= DESCRIPTION OF THE TASK =
Restate each line below word for word, skipping every picture.

= PROVIDED DATA =
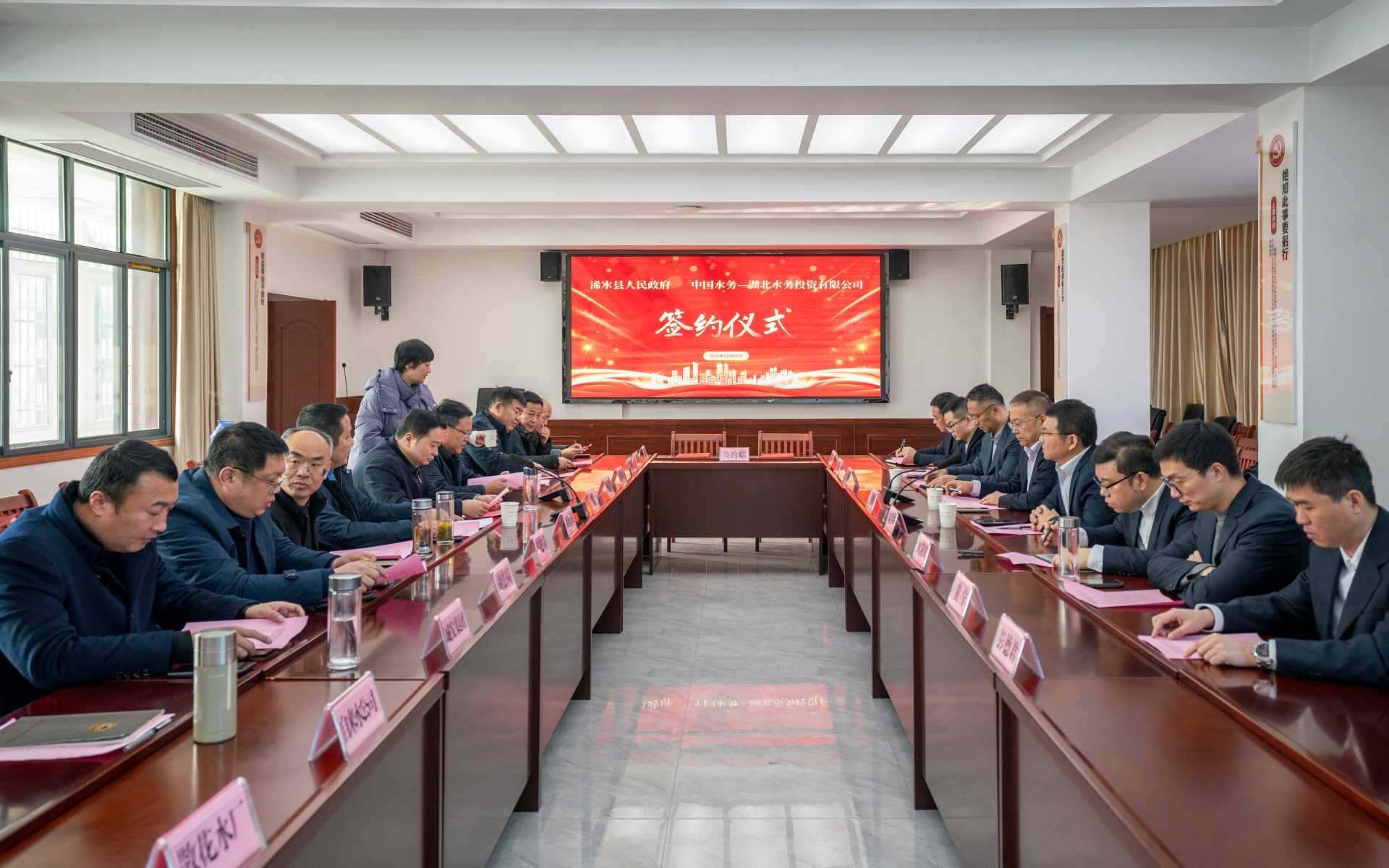 浠水縣政府辦公室、供水專班、財政局、住建局、水利和湖泊局、司法局、市場監(jiān)督局、城發(fā)集團、長投公司主要負責人以及中國水務華中區(qū)域總部相關負責人參加了簽約儀式。
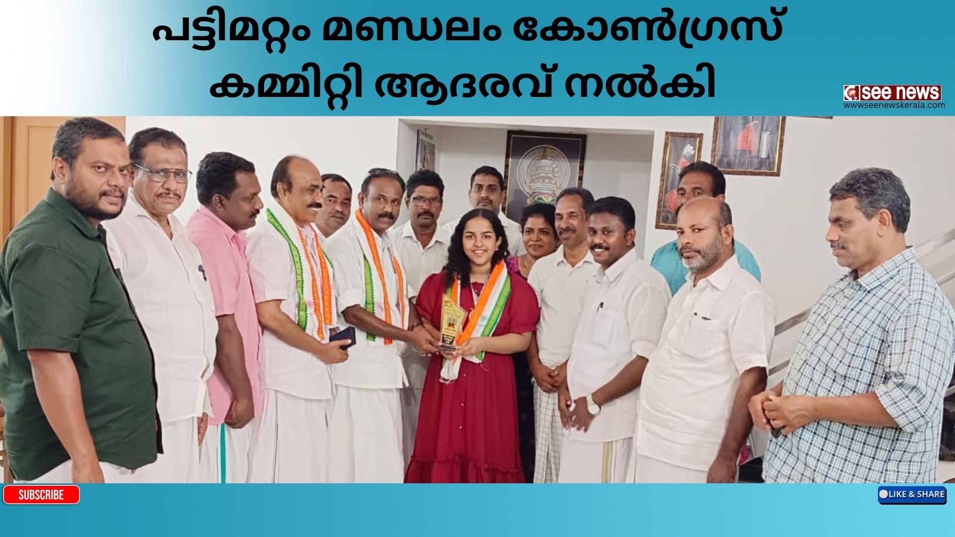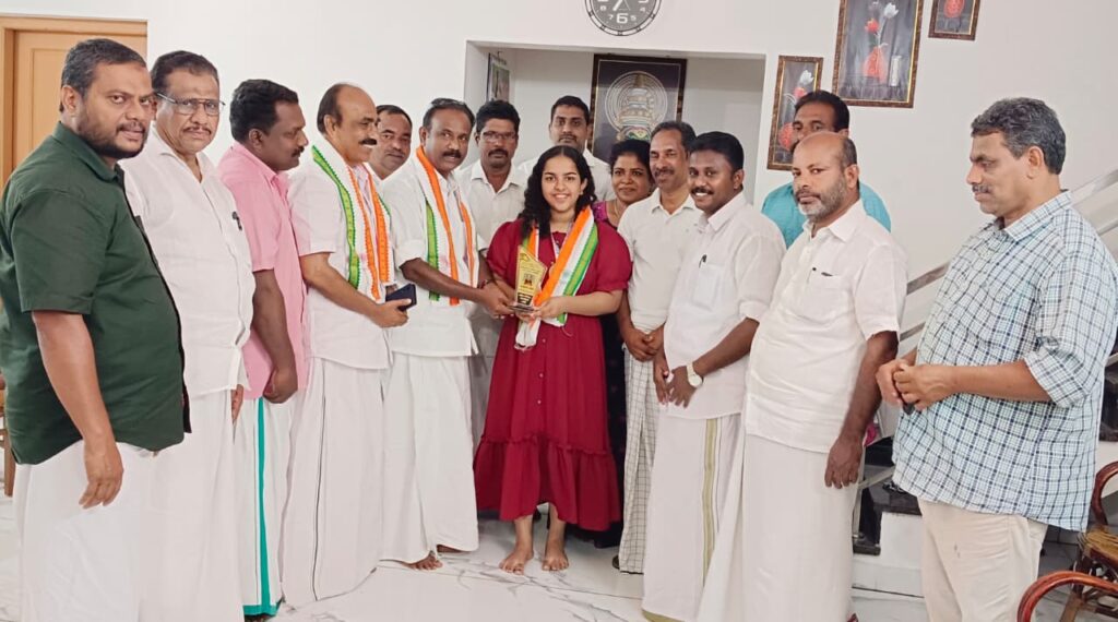 ബാഡ്മിന്റൺ ( സീനിയർ ഗേൾസ് ) വിഭാഗത്തിൽ സ്റ്റേറ്റ് ലെവൽ വിന്നറായ അലീന ബിജുനെ കെപിസിസി വൈസ് പ്രസിഡന്റ് വി പി സജീന്ദ്രൻ മൊമെന്റോയും ഷാളും നൽകി ആദരിച്ചു.
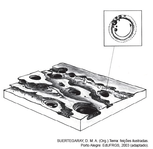 Uma análise da figura revela que se trata de um processo erosivo causado por águas em redemoinhos ( turbilhonares), com presença de sedimentos ( seixos e areias).

= ANSWER TO THIS TASK =
 浠水縣政府辦公室、供水專班、財政局、住建局、水利和湖泊局、司法局、市場監(jiān)督局、城發(fā)集團、長投公司主要負責人以及中國水務華中區(qū)域總部相關負責人參加了簽約儀式。
 ബാഡ്മിന്റൺ ( സീനിയർ ഗേൾസ് ) വിഭാഗത്തിൽ സ്റ്റേറ്റ് ലെവൽ വിന്നറായ അലീന ബിജുനെ കെപിസിസി വൈസ് പ്രസിഡന്റ് വി പി സജീന്ദ്രൻ മൊമെന്റോയും ഷാളും നൽകി ആദരിച്ചു.
 Uma análise da figura revela que se trata de um processo erosivo causado por águas em redemoinhos ( turbilhonares), com presença de sedimentos ( seixos e areias).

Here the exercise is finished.